Apart from the images, output the data below exactly.

= = = = =

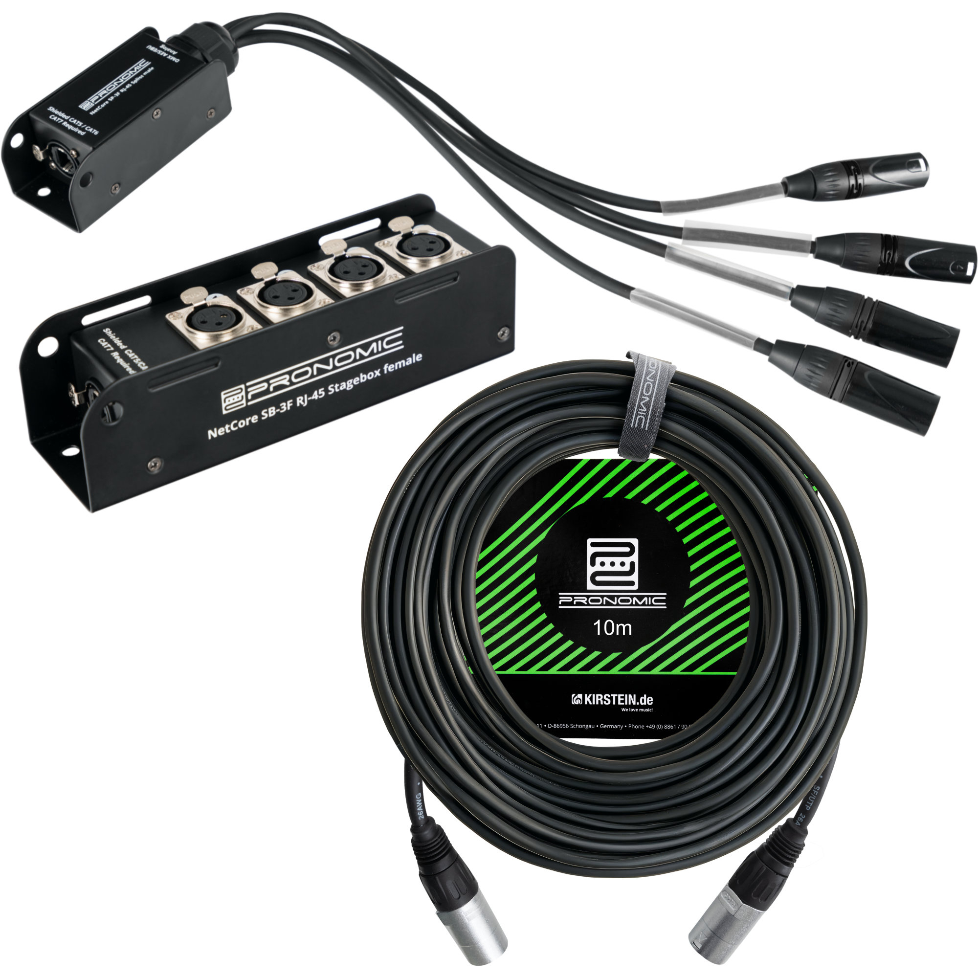 Besoin rapidement dun multicore 4 canaux dune longueur au choix ? Aucun problème ! Le système NetCore de Pronomic transporte à la fois des signaux analogiques et numériques via un câble réseau fin.
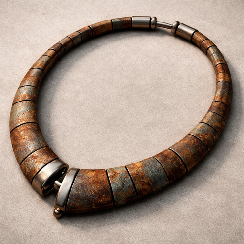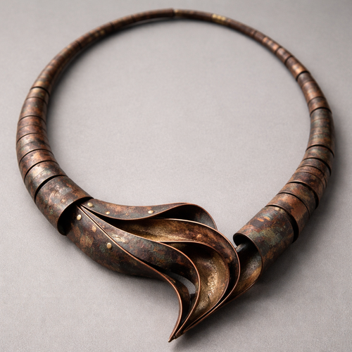 A necklace made of one flat wire that is twisted 3 times around itself with links n articulations that makes it flexibl...
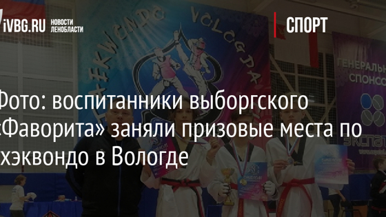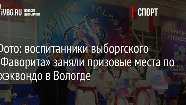 Воспитанники спортивной школы олимпийского резерва «Фаворит» из Выборга заняли призовые места на первенство СЗФО по тхэквондо среди юниоров и юниорок (2004-2006 годы рождения) и юношей и девушек (2007-2009 годы рождения). В первенстве, проходившем 19 марта в Вологде, приняли участие около 200 спортсменов из Карелии, НАО, Калининграда, Архангельска, Коми, Ленинградской области и Великого Новгорода. Школу «Фаворит» в составе сборной Ленинградской области представляли пятеро спортсменов. Итоги первого дня поединков: Филиппов Андрей – 1 место. Дробышев Егор – 2 место. Петушков Константин – 2 место. Микуленко Даниил – 3 место. Филиппов Андрей выполнил норматив «Кандидат в Мастера спорта» и получил право участвовать в первенстве России. Уже 20 марта, на следующий день после изматывающих поединков, спортсмены из Ленинградской области приняли участие в VOLOGDA CUP, в котором участвовали 300 спортсменов. Итоги второго дня поединков: Петушков Константин – 1 место (четыре боя). Филиппов Андрей – 2 место (три боя). Микуленко Даниил – 3 место (два боя).
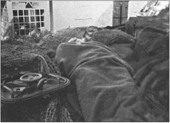 Командир 1-й роты, Ханс-Юрген Бурместер, спит, завернутый в шерстяное одеяло, на маскировочной сети в качестве матраса на своем «Тигре» сном праведника. Начиная с июля 1943 года он много недель командовал всем батальоном.
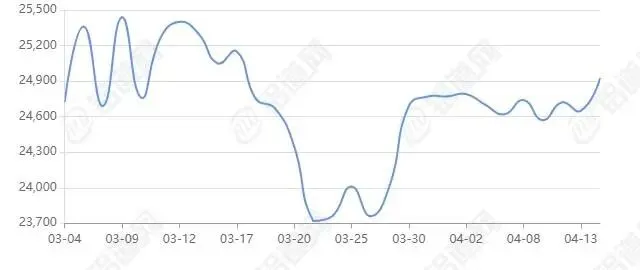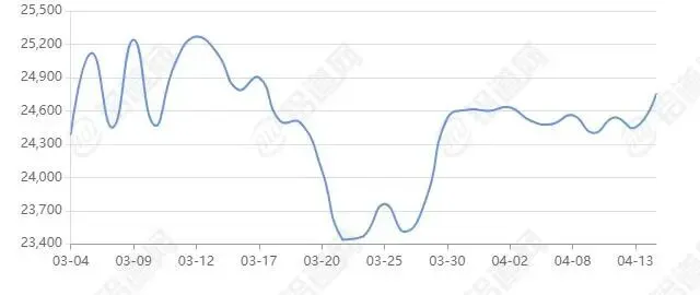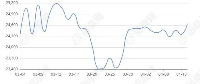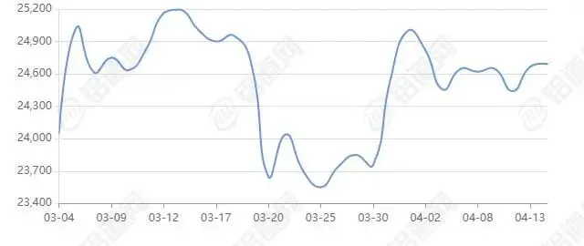 2026年04月14日上海期货行情价24690涨跌+100,最低24690,最高25040,前三日均价24583,前五日均价24603。

= = = = =

• Exercise response:
 Besoin rapidement dun multicore 4 canaux dune longueur au choix ? Aucun problème ! Le système NetCore de Pronomic transporte à la fois des signaux analogiques et numériques via un câble réseau fin.
 A necklace made of one flat wire that is twisted 3 times around itself with links n articulations that makes it flexibl...
 Воспитанники спортивной школы олимпийского резерва «Фаворит» из Выборга заняли призовые места на первенство СЗФО по тхэквондо среди юниоров и юниорок (2004-2006 годы рождения) и юношей и девушек (2007-2009 годы рождения). В первенстве, проходившем 19 марта в Вологде, приняли участие около 200 спортсменов из Карелии, НАО, Калининграда, Архангельска, Коми, Ленинградской области и Великого Новгорода. Школу «Фаворит» в составе сборной Ленинградской области представляли пятеро спортсменов. Итоги первого дня поединков: Филиппов Андрей – 1 место. Дробышев Егор – 2 место. Петушков Константин – 2 место. Микуленко Даниил – 3 место. Филиппов Андрей выполнил норматив «Кандидат в Мастера спорта» и получил право участвовать в первенстве России. Уже 20 марта, на следующий день после изматывающих поединков, спортсмены из Ленинградской области приняли участие в VOLOGDA CUP, в котором участвовали 300 спортсменов. Итоги второго дня поединков: Петушков Константин – 1 место (четыре боя). Филиппов Андрей – 2 место (три боя). Микуленко Даниил – 3 место (два боя).
 Командир 1-й роты, Ханс-Юрген Бурместер, спит, завернутый в шерстяное одеяло, на маскировочной сети в качестве матраса на своем «Тигре» сном праведника. Начиная с июля 1943 года он много недель командовал всем батальоном.
 2026年04月14日上海期货行情价24690涨跌+100,最低24690,最高25040,前三日均价24583,前五日均价24603。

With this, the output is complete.